1st. That there was no evidence in relation to an express promise of indemnity, and that the Judge should have so instructed the jury: that the charge was calculated to mislead them; for the consideration being past, an express promise or a previous request should have been proved. *Page 439 2d. That no man has a right to make himself the creditor of another without his consent or against his will. Gregory v. Hooker's Admr. 1 Hawks, 394. 2 Stark. Ev. 101, 102. Stokes v. Lewis, 1 Term Rep. 20. Chitty on Con. 178. 13, 14. In the case of a dishonoured bill after its protest, a friend may pay for the honour of the drawer, but this is an exception, and perhaps the only exception to the general rule. — We regret that this case has not been argued on the part of the plaintiff, as possibly that argument might have enabled us to see it in other lights than those cast upon it by our unaided reflections. It seems to us, that the instructions given to the jury were erroneous. (His Honor here stated briefly the facts of the case as above, and proceeded: —)
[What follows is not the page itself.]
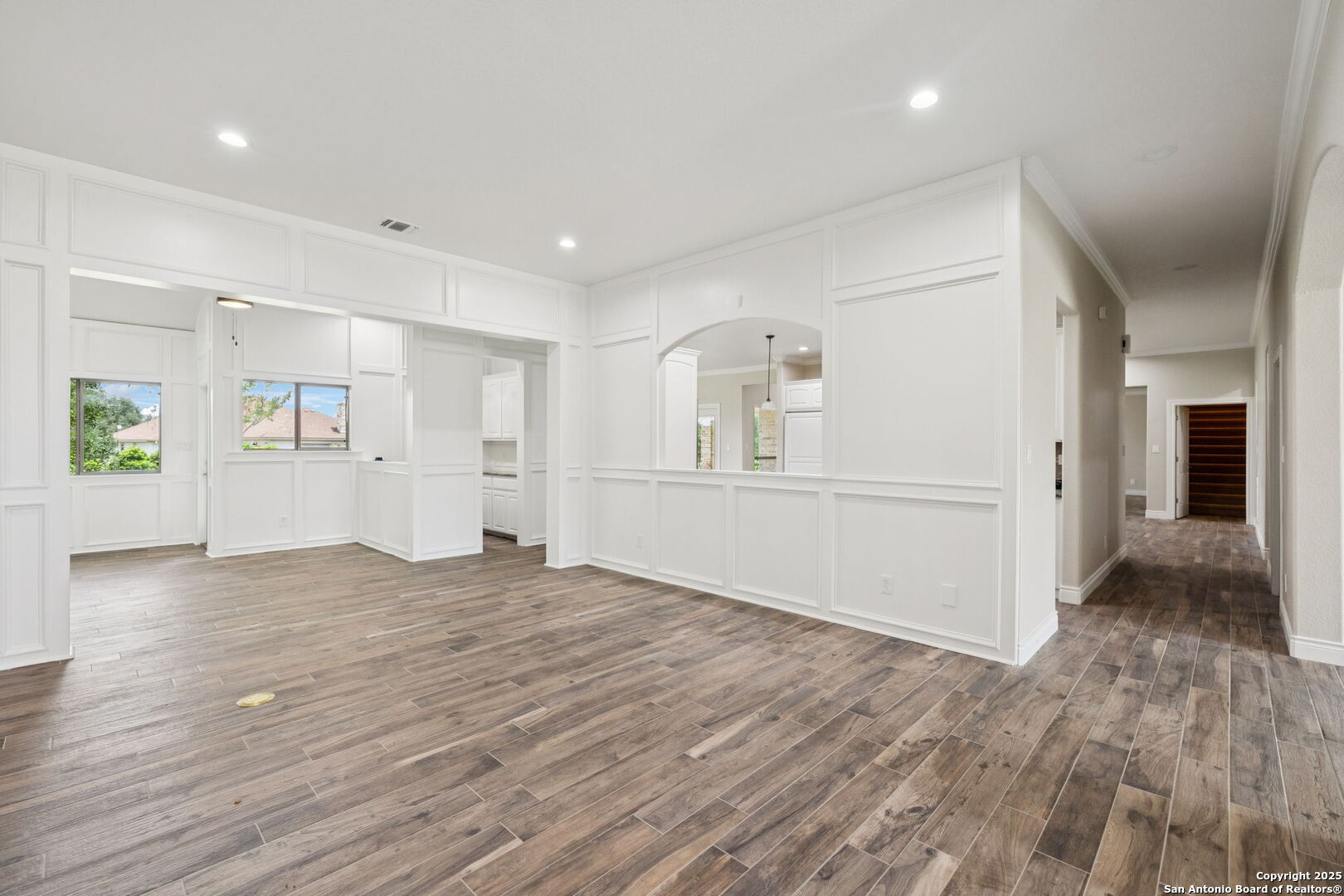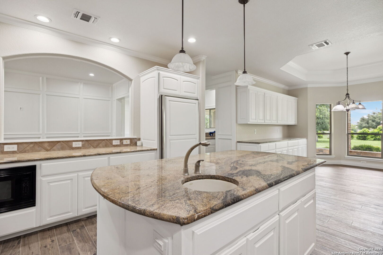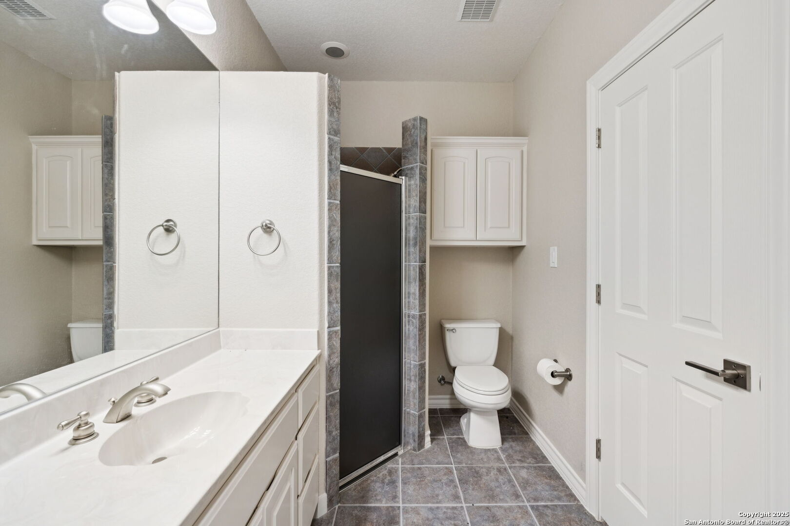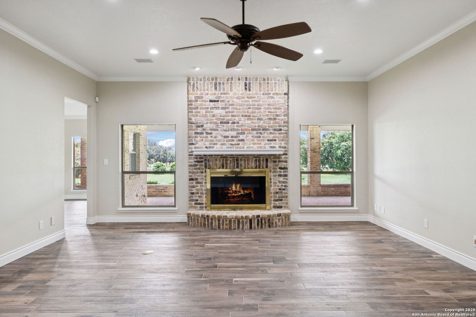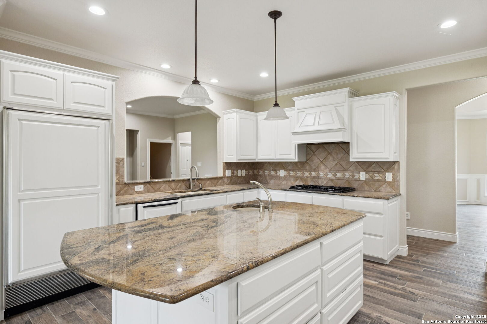 WOW WOW WOW! One of a kind property in Ville D'Alsace Subdivision in Castroville! This gem boasts 4,575 square feet of living space, featuring 4 bedrooms, 4.5 bathrooms, multiple living areas, formal and casual dining rooms, a full wet bar (with sink, mini fridge, and ice maker), bonus room above garage, a split primary suite with two massive walk-in closet's and separate bathroom spaces, connected by a walk-in shower and a separate study/office with a small closet! This home has also been freshly remodeled with all new wood look tile flooring and carpeting, fresh paint throughout walls and cabinetry, and some plumbing updates. This home is nestled between beautiful oak trees on a great lot with a massive covered back porch. Speaking of outside... you will notice that all concrete work is pebble finished... something you don't see much of anymore and it is gorgeous! The backyard features an additional shop/storage building with garage door. Perfect for storing your yard/lawn tools, or just about anything!

We can discover in the case no evidence of any express contract between the plaintiff and the defendant, and so we think the jury should have been instructed. There is indeed evidence of an implied contract. As the plaintiff executed the forthcoming bond as surety for the defendant, the law implies that the defendant engaged to indemnify the plaintiff against the responsibility thereby incurred. But it implies no further promise. According to our law (act of 1807, Rev. ch. 751,) the sole object of the forthcoming bond is the indemnity of the officer, who after delivery of the property remains liable to the plaintiff in execution, in all respects as though he had retained it in his hands. By the bond no obligation is imposed to pay off the execution. If, indeed, the defendant in the execution, or any other person should pay it off, the bond is necessarily extinguished, because it is given for "the forthcoming of the property to answer the said execution or process." When another than the defendant in the execution satisfies it, the money is paid to the use of such defendant, and not to that of the obligors. But even as against him an action cannot be maintained unless it appear that the payment was at his request, express or implied.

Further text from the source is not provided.